DIRECTIONS: From the first line of the listing, copy each line exactly until you have included the line with "陳瑛老師的講座圍繞自我激勵、"; leave out the pictures.

GIVEN RECORDS:
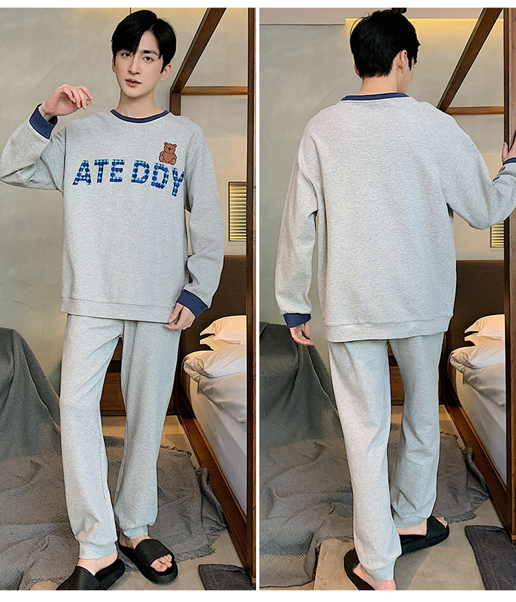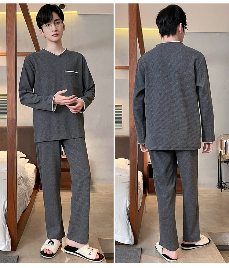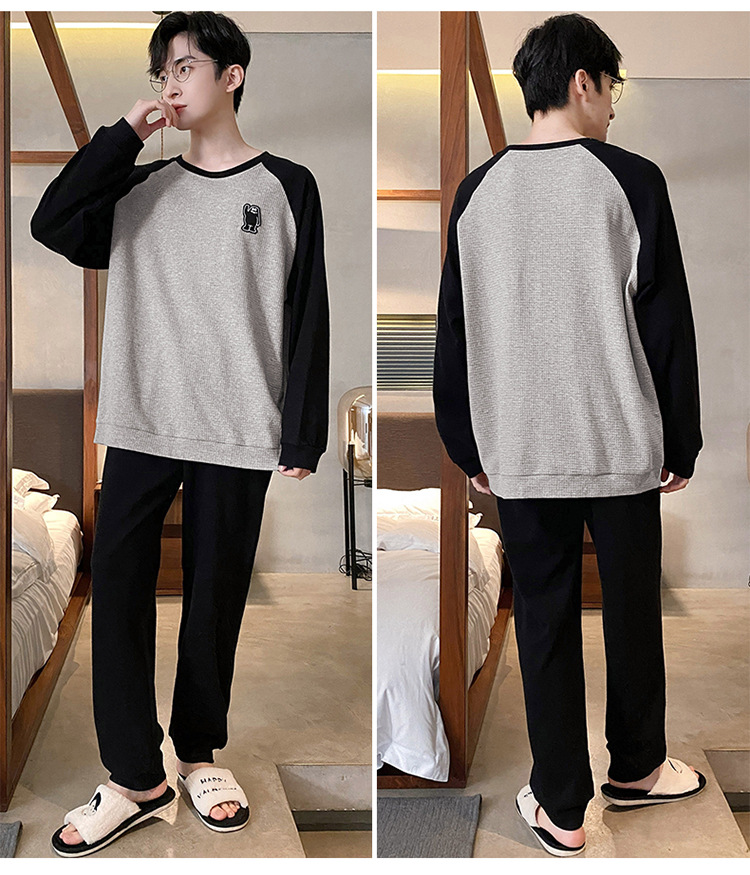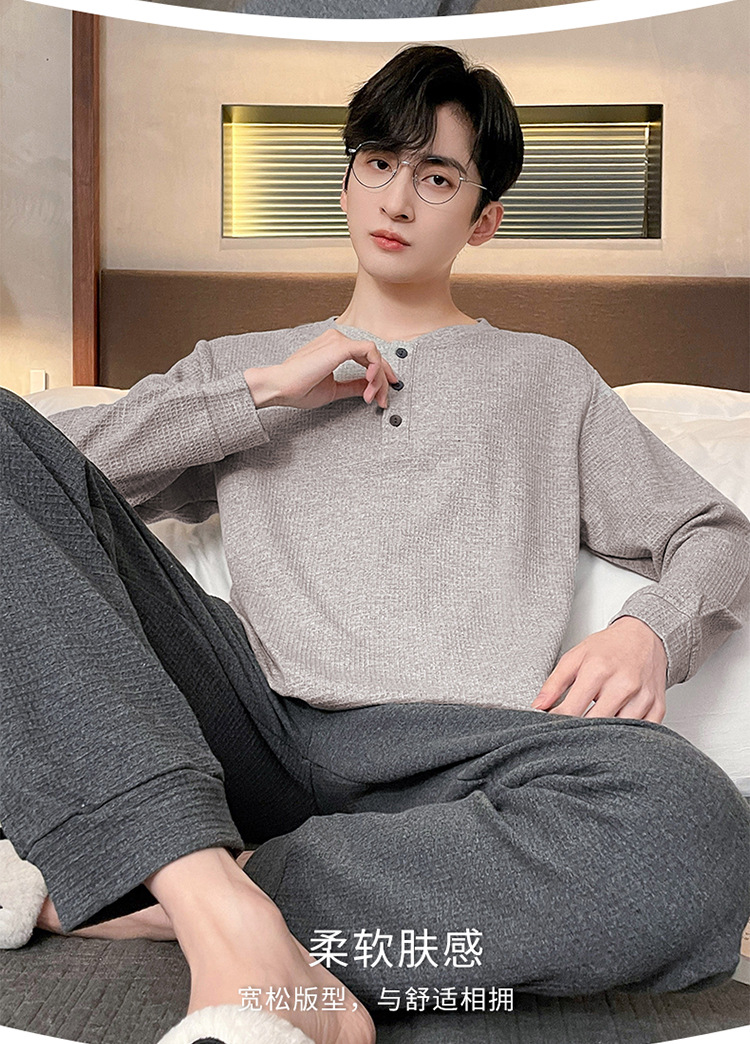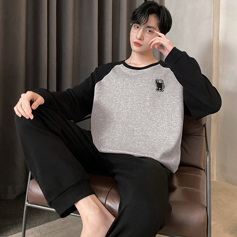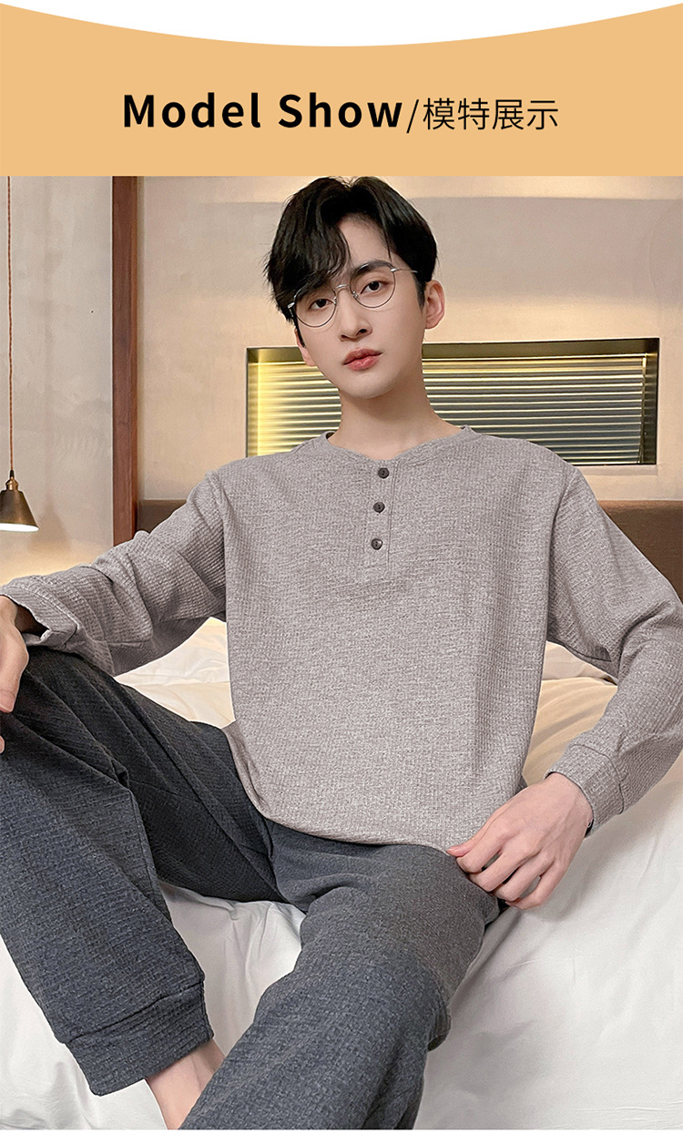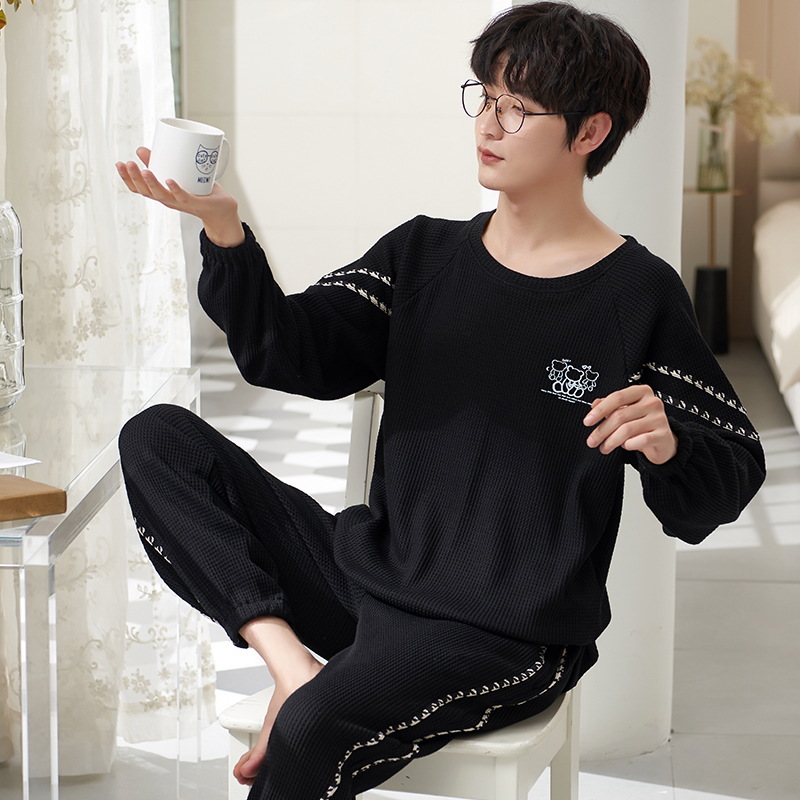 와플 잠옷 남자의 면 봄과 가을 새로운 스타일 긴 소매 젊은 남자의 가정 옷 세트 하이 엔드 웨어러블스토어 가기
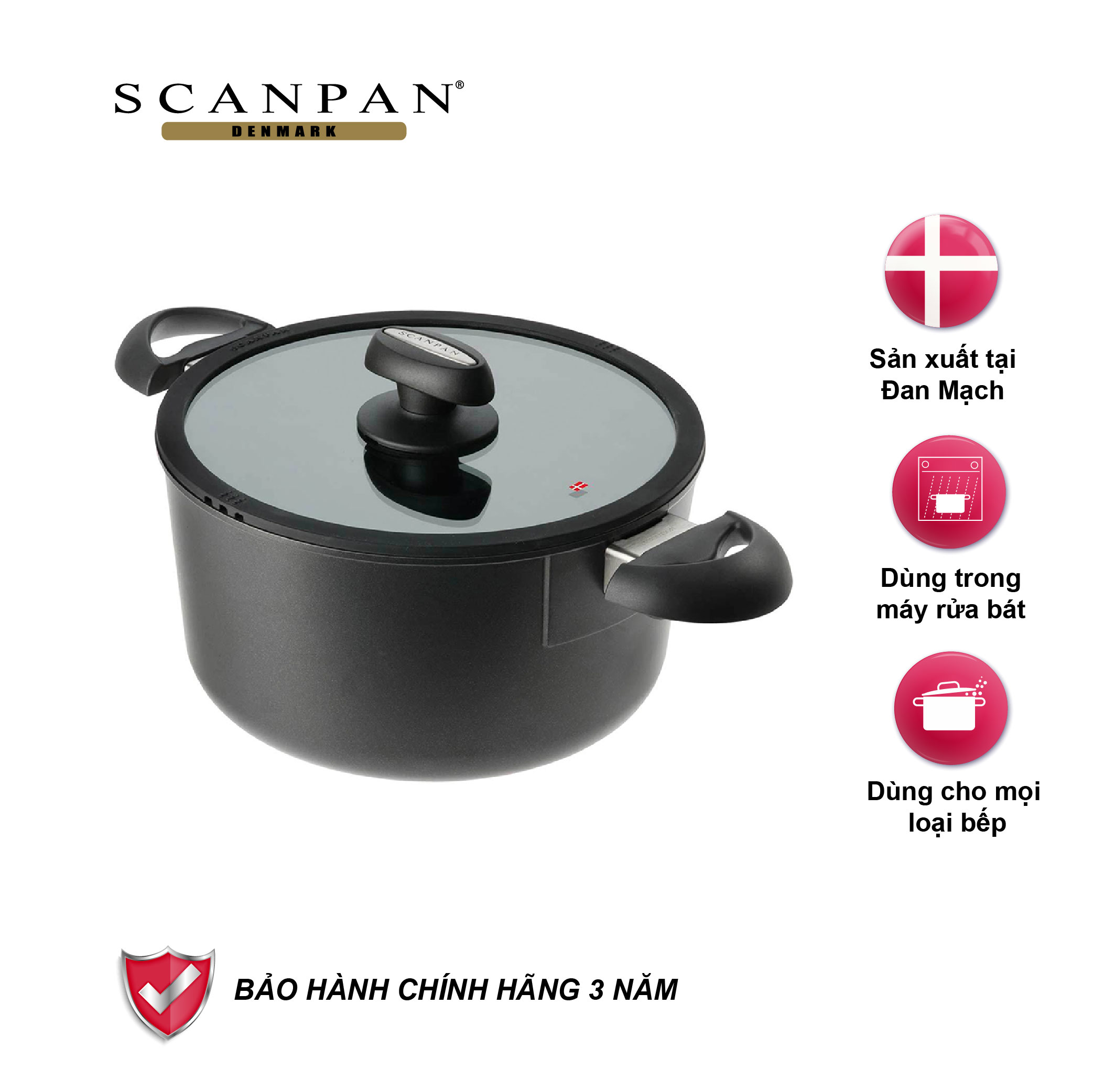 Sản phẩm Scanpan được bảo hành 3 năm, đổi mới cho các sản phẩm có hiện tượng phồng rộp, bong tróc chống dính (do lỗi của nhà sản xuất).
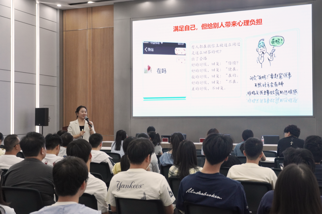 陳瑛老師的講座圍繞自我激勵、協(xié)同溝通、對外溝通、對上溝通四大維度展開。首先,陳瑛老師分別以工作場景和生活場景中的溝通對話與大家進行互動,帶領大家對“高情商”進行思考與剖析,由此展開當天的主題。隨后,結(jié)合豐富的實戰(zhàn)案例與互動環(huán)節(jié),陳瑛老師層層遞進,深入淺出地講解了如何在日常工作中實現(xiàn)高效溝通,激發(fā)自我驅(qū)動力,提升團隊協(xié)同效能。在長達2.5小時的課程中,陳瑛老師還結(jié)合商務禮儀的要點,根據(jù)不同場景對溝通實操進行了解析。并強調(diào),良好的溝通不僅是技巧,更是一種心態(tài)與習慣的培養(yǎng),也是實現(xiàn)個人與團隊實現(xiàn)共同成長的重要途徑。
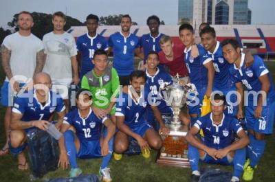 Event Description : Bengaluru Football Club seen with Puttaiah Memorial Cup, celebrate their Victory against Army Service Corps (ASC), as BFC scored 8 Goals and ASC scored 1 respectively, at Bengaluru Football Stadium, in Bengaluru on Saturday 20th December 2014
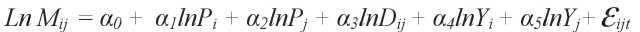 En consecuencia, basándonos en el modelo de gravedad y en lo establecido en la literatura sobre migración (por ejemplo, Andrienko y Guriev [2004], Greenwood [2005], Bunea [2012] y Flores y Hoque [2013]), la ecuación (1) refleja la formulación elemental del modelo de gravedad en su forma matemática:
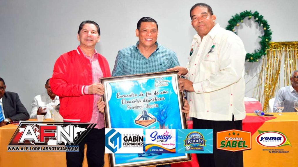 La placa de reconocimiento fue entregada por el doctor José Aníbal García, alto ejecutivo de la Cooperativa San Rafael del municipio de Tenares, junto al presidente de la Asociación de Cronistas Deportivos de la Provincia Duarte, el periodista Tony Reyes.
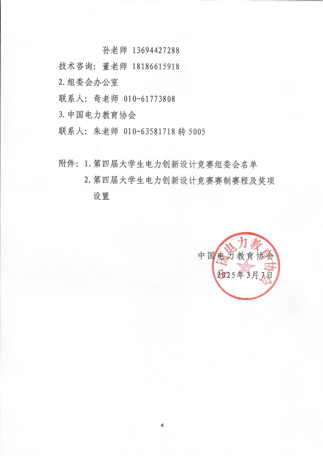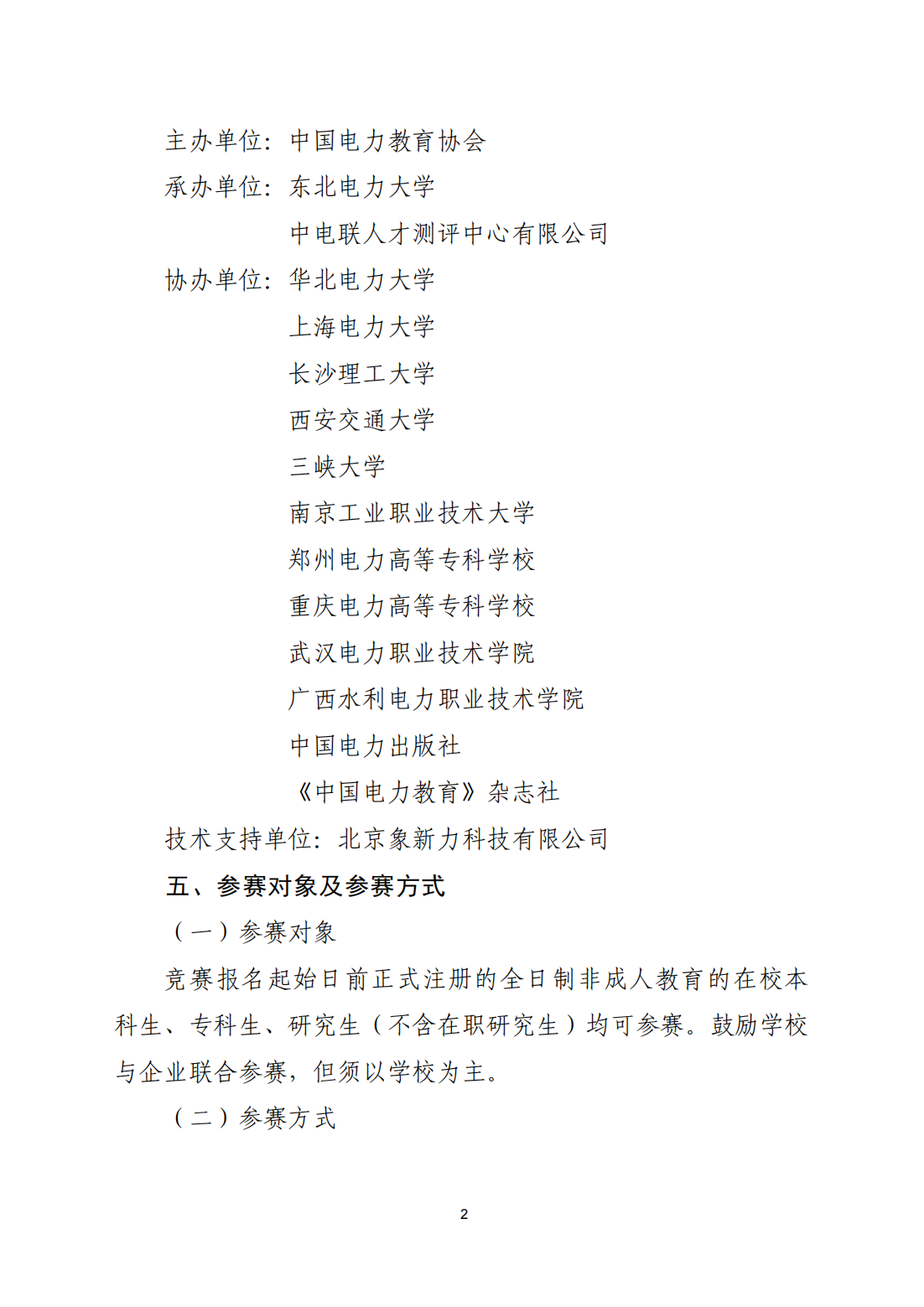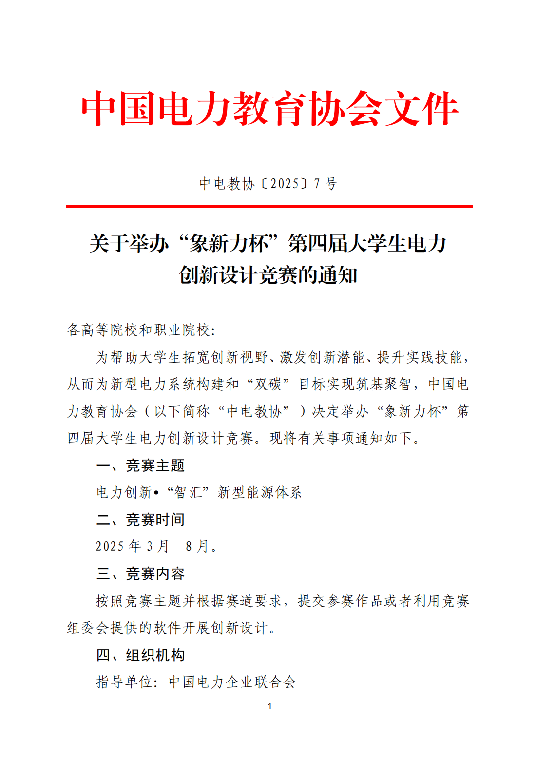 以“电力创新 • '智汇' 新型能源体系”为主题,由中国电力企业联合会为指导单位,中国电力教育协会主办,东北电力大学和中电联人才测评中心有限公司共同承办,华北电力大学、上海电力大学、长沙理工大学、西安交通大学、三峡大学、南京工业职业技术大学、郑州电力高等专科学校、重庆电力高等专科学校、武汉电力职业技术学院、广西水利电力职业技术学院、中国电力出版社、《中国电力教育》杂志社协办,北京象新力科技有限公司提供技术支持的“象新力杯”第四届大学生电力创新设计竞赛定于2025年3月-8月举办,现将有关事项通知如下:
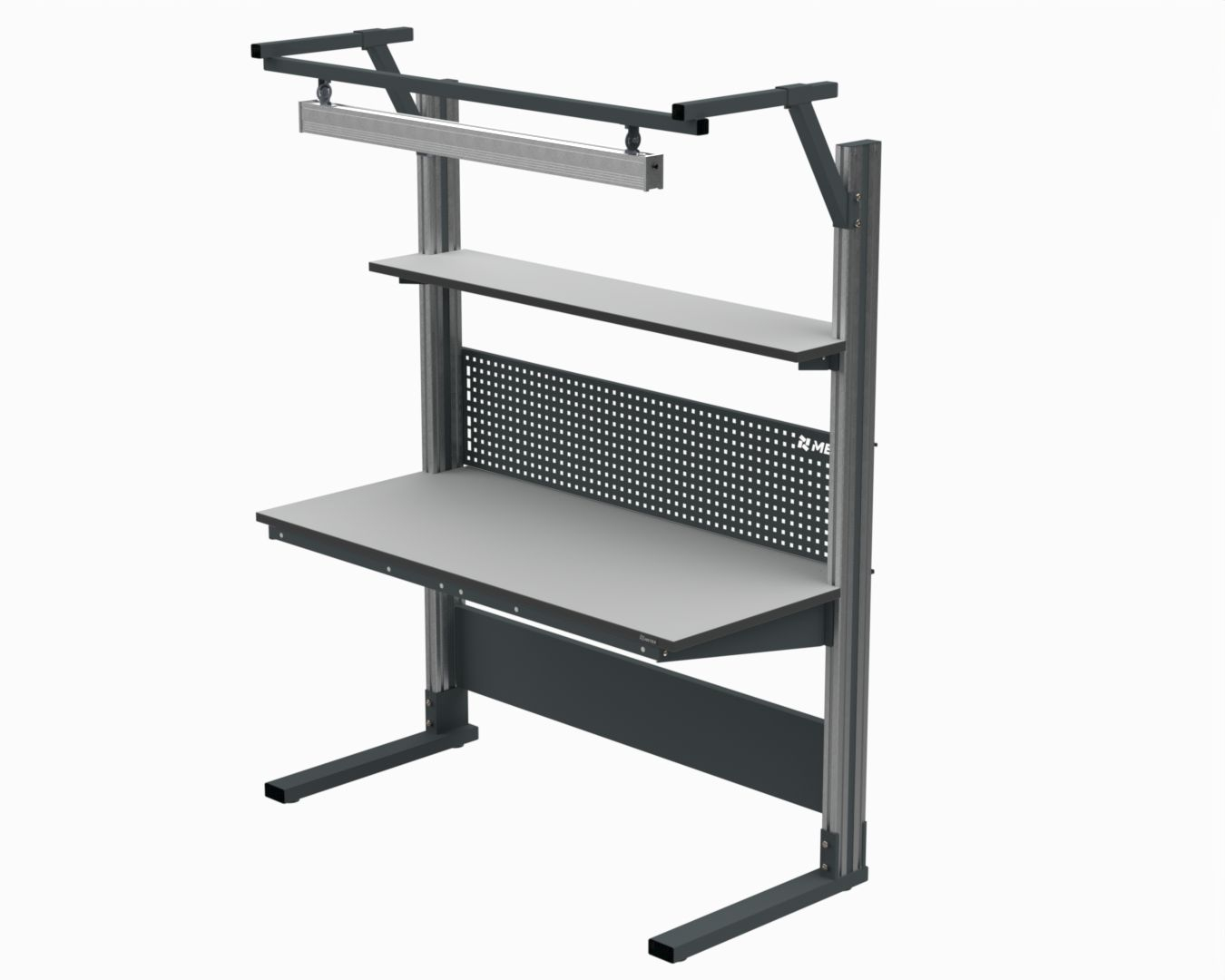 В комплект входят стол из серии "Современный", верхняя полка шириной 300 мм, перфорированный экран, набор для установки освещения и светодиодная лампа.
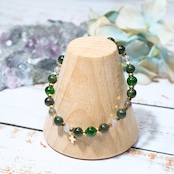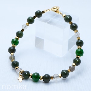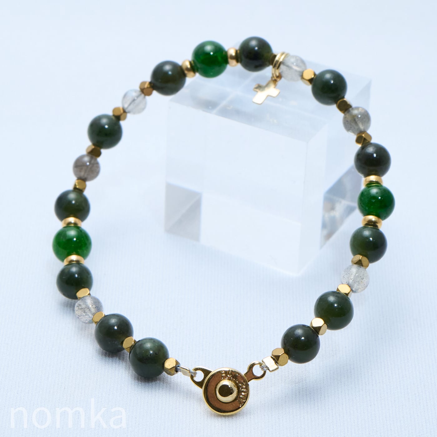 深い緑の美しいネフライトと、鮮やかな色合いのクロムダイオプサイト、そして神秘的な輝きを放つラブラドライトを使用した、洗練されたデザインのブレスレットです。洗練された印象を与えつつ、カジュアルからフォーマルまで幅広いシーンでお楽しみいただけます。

SOLUTION TO THIS PROBLEM:
 와플 잠옷 남자의 면 봄과 가을 새로운 스타일 긴 소매 젊은 남자의 가정 옷 세트 하이 엔드 웨어러블스토어 가기
 Sản phẩm Scanpan được bảo hành 3 năm, đổi mới cho các sản phẩm có hiện tượng phồng rộp, bong tróc chống dính (do lỗi của nhà sản xuất).
 陳瑛老師的講座圍繞自我激勵、協(xié)同溝通、對外溝通、對上溝通四大維度展開。首先,陳瑛老師分別以工作場景和生活場景中的溝通對話與大家進行互動,帶領大家對“高情商”進行思考與剖析,由此展開當天的主題。隨后,結(jié)合豐富的實戰(zhàn)案例與互動環(huán)節(jié),陳瑛老師層層遞進,深入淺出地講解了如何在日常工作中實現(xiàn)高效溝通,激發(fā)自我驅(qū)動力,提升團隊協(xié)同效能。在長達2.5小時的課程中,陳瑛老師還結(jié)合商務禮儀的要點,根據(jù)不同場景對溝通實操進行了解析。并強調(diào),良好的溝通不僅是技巧,更是一種心態(tài)與習慣的培養(yǎng),也是實現(xiàn)個人與團隊實現(xiàn)共同成長的重要途徑。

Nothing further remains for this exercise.